Уже в следующий миг он с торжествующим удовлетворением понял: все должно получиться, потому что сегодня судьба к нему благоволит. Стас вошел в кабинет, как будто привлеченный туда именно его мыслями и страстным желанием все понять.
Он сосредоточился на высокой фигуре в окне. Сосредоточился так сильно, что внутри возникла легкая дурнота: сейчас чрезвычайно важно было предугадывать каждое следующее движение Стаса. И когда тот тщательно запер дверь, душа у него возликовала: наверняка за этим последует нечто значимое.
Когда Стас направился к окнам, он быстро присел, распластавшись по стене и не забывая настороженно озираться по сторонам. По счастью, под окнами Стасова кабинета росли густые кусты сирени, которые сейчас довольно надежно его укрывали.
Какое-то время он выжидал, пытаясь почувствовать, когда можно будет распрямиться, чтобы ничего не пропустить. Наконец внутреннее напряжение ослабло, и он понял: пора. Путь свободен.
Ему было прекрасно видно, как Стас шарил рукой рядом с камином, после чего оттуда выдвинулся какой-то ящик.
Дальше все оказалось совсем просто: выражение Стасова лица явственно говорило об исключительной важности того, что он так долго читал. Стас даже что-то записывал на отдельном листе – ну до чего же неосторожно!

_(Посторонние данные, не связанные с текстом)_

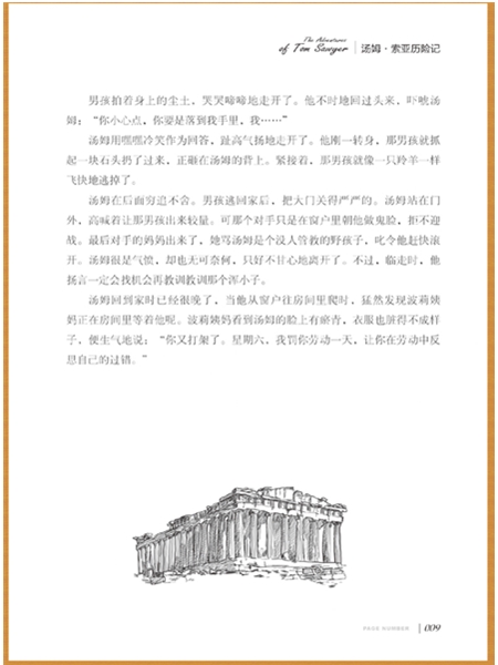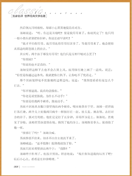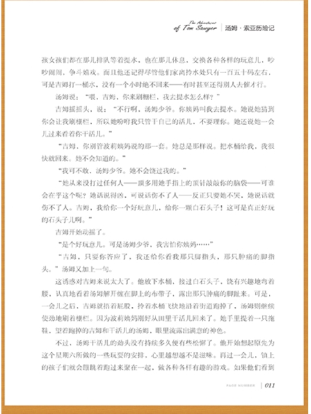 《汤姆.索亚历险记》的故事发生在密西西比河畔一个小镇上,小主人公汤姆.索亚天真活泼、不堪束缚、追求自由,厌恶枯燥的功课和刻板庸俗的生活环境,梦想着过海盗式的冒险生活。在一次意外中他和他的好朋友哈克贝利目击了一桩杀人命案,并最终战胜了恐惧,勇敢地站出来揭发了凶残的犯罪人,保护了无辜遭殃的镇民们。在这一过程中,他们凭自己的聪明机智破解了强盗们的藏宝之谜,并最终找到了宝藏,赢得了镇民的赞赏与敬佩。

Можно душу прозакладывать, что исписанный лист этот несчастный гуманитарий уничтожить не догадается…
Он изо всех сил старался не дать себе расслабиться: нельзя пропустить момент, когда Стас дочитает свою древнюю тетрадь и встанет из-за стола.
Он даже не стал расстраиваться из-за того, что сама тетрадка снова была упрятана под плинтус: Стас так наглядно продемонстрировал, как потайной ящик извлекается на свет божий, что никаких трудностей возникнуть никак не должно.
Когда Стас пошел к двери, он, пригибаясь, быстро побежал к углу институтского здания: надо было понять, куда Стас направится. Завернув за следующий угол, по-прежнему скрываемый буйными зарослями парка, он с облегчением увидел: тот вышел из здания и двинулся в сторону городка для переселенцев из Долины.
Теперь путь был свободен, но спешить все-таки следовало. И он, почти уже не скрываясь, помчался обратно, к своему недавнему наблюдательному пункту.
Вот же дурашка… Решетки на окна своей общежитской квартиры на третьем этаже сделал, а про окна кабинета, который на первом этаже, забыл: лезь – не хочу.
Он-то как раз хотел. И даже заранее приготовился: взятых с собой инструментов оказалось вполне достаточно, чтобы вскрыть одно из окон кабинета.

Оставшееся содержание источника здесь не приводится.